Dr. Aman said that kids who bully need to be constantly reminded of how damaging it can be, that “you don’t get to wake up in the morning and have a do-over.” He said he was unsure whether there were issues of bullying among the high school’s Latino students, whose backgrounds and countries of origin are diverse and whose numbers account for approximately 40 percent of the school’s population. Dr. Aman also said it was possible that if bullying were taking place among Spanish speaking-students, as Ms. Barros reportedly said, “it might be hard for the adults in the building to know what’s going on, to pick up on what’s being said and the nuances of what’s being said.”
Dr. Aman said he did not believe administrators turned a deaf ear to complaints about bullying because David was Latino. “I think people work on all fronts to make it a level playing field for the kids who weren’t born in this country and don’t necessarily have a command of the English language,” he said.
Nevertheless, “We can’t let it happen again,” he said. “We’re not letting this thing go without making sure we address it properly.”
On Monday, Mr. Fine met with the junior class, of which David was a member, “to give students a voice in future programming and education in the area of decision-making, character education, bullying prevention, school culture and Challenge Day,” according to an email sent to parents of high school children that day. “I let the kids know that we all need to work together to improve our school culture and climate,” it said. “I also spoke about cyberbullying and bringing concerns forward to their parents and school officials.”
On Tuesday, Mr. Fine resent an email that had gone out to parents last year asking for their help in monitoring what their children view and post on social networking sites. “Please be aware that we do check these sites when we are made aware of anything that will impact the school and the well-being of our students,” the letter said. “Appropriate disciplinary action can and/will be assigned when necessary.”
An update to that added that students had become more active lately in informing adults about instances of cyberbullying and that the principal wanted “to keep the communication going.”

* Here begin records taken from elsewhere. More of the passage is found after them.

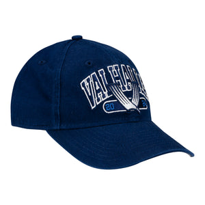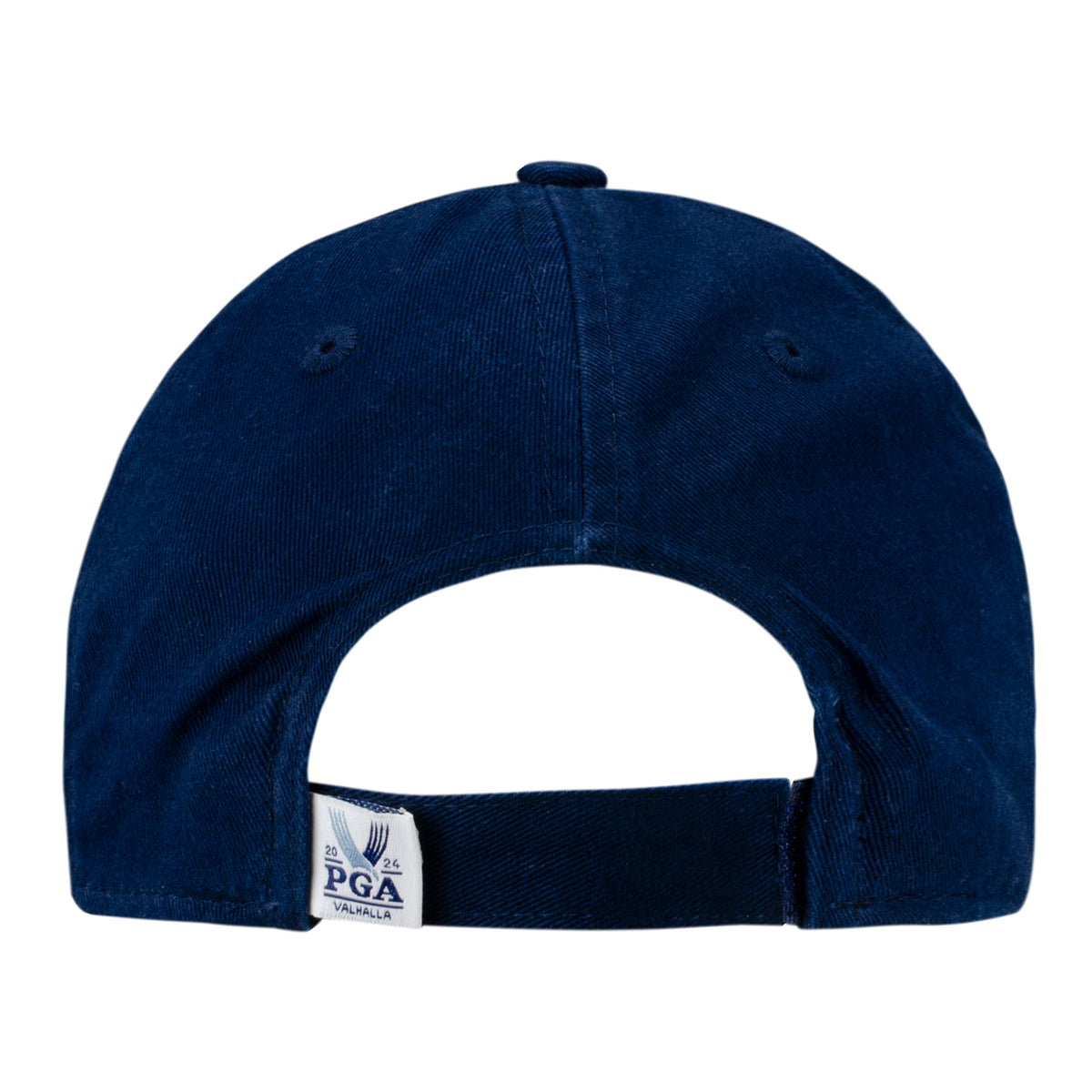 The 2024 PGA Championship Youth unstructured hat features embroidered Valhalla text in collegiate style with iconic logo and adjustable closure at the rear.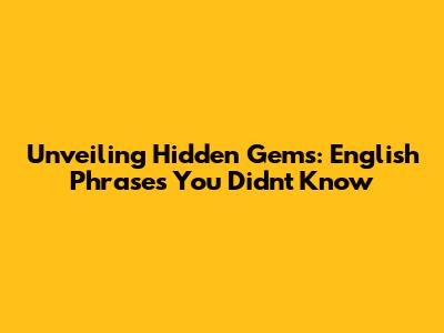 Unveiling Hidden Gems: English Phrases You Didn't Know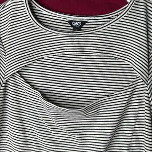 GBG Los Angeles Black and White Striped Short Sleeve Top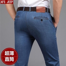AFS JEEP超薄中老年牛仔裤男高腰夏季薄款商务宽松直筒天丝男裤子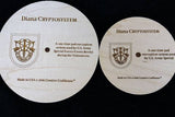 This standard model is 5.5 inches in diameter. A smaller pocket size of 4 inches diameter is also available. Both sizes are shown in the photo. Disks are made from wood and all text is deeply laser engraved. The back of the disk contains the emblem of the US Army Special Forces.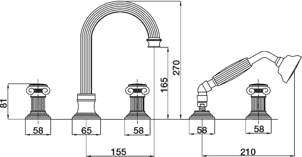 - Оснащение: аэратор, душевая лейка, душевой шланг, дивертор, ручки круглые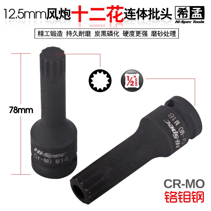 Llave de impacto Ximeng de 12 puntas con punta de acero Cr-Mo de 1/2 pulgada para herramientas de reparación de automóviles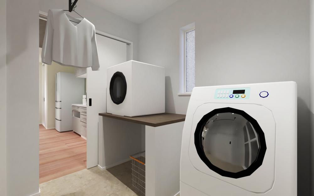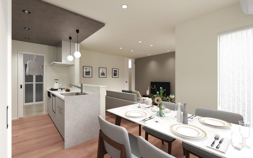 リビングからダイニング、キッチンへ視線が抜け、お子様の様子を見守りながら家事ができる安心感があります。たっぷりの自然光を取り込む大きな窓は、日中は照明いらずの明るさを提供。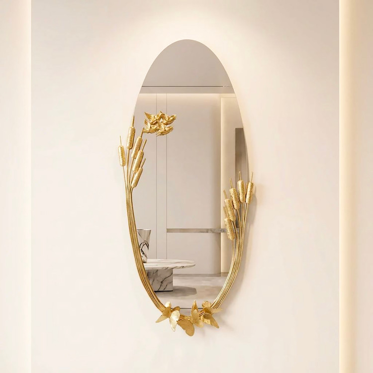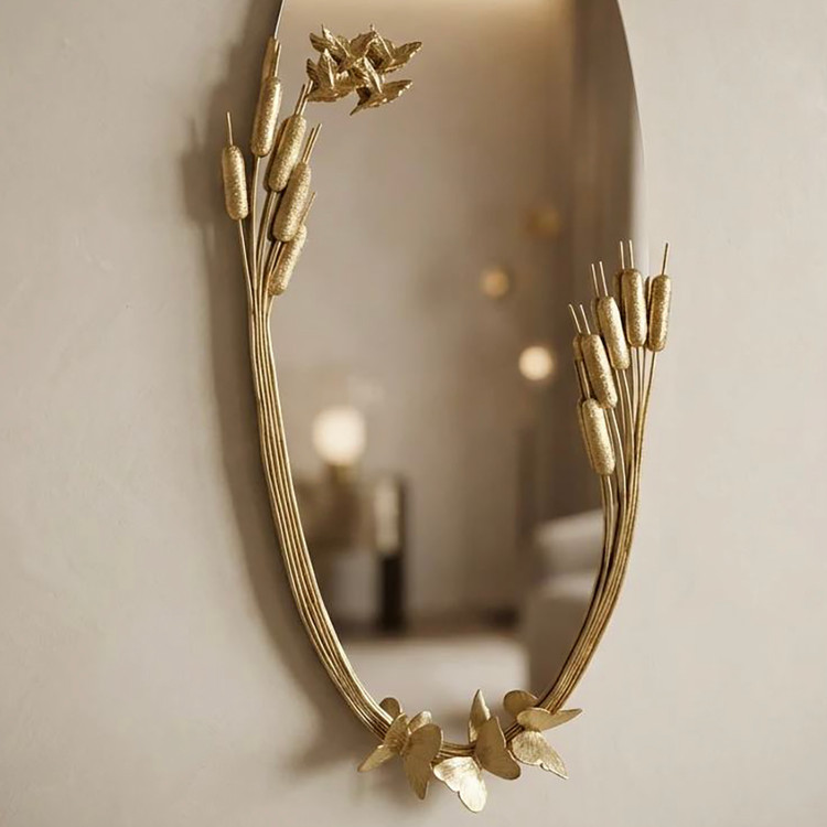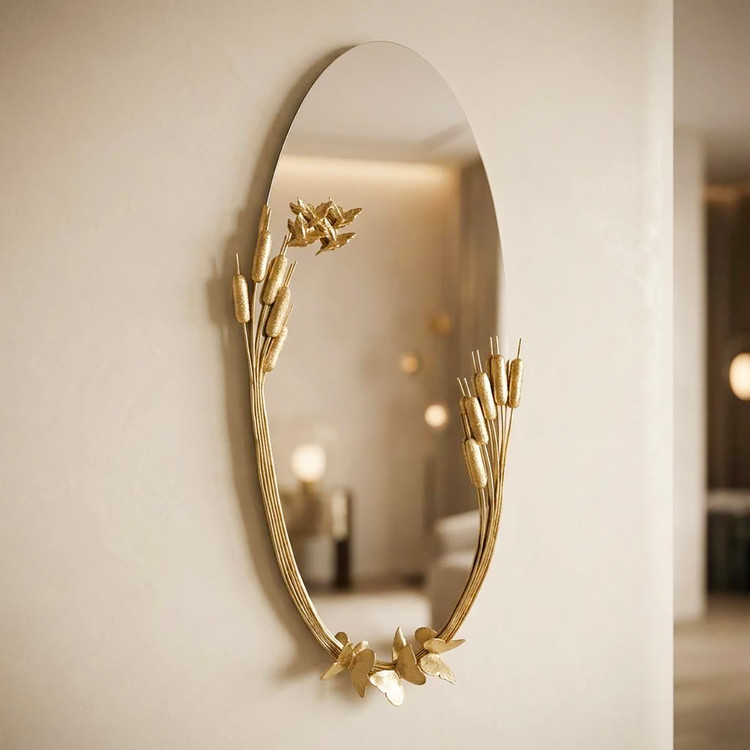 آینه قدی برنجی دستساز گالری عزیزی مدل پروانه و گل مرداب

Another mailing to parents on Tuesday apprised them of upcoming “school culture and climate” program initiatives. The first will be on Monday, October 22, when there will be a community forum with representatives from LIGALY, which stands for Long Island Gay and Lesbian Youth. The group played a large role in getting the Dignity for All Act adopted in New York State and in particular with making certain it protected the group’s constituents, who many people said tend to be the kids who face the highest degree of discrimination. In fact, said the network’s CEO, David Kilmnick, it was the protection for gays and lesbians that for a long time proved a “stumbling block” in the State Assembly.
“Part of why we’re having this meeting is that the bullying not only takes place in schools,” Mr. Kilmnick said, “but ... also in churches, in our local streets.”
“What adults have to realize is that their words and their actions to promote inequality, and their actions to promote discrimination, is a form of bullying.”
LIGALY hopes to establish a community center for gay people in East Hampton to serve the East End, as the consortium’s center in Bay Shore is so far away. A resource like that “builds community, a more cohesive, integrated community [that’s] not only gay,” Mr. Klimnick said. “Having that community center saves lives.”
“We really have a long way to go to make sure that every kid could feel supported and nurtured for who they are,” he said, adding that even “acceptance and tolerance are negative levels of feeling and behavior.”
Instead, he said, “what we should be doing as a country or as a community is working to support all of our kids for who they are, and let them just be.”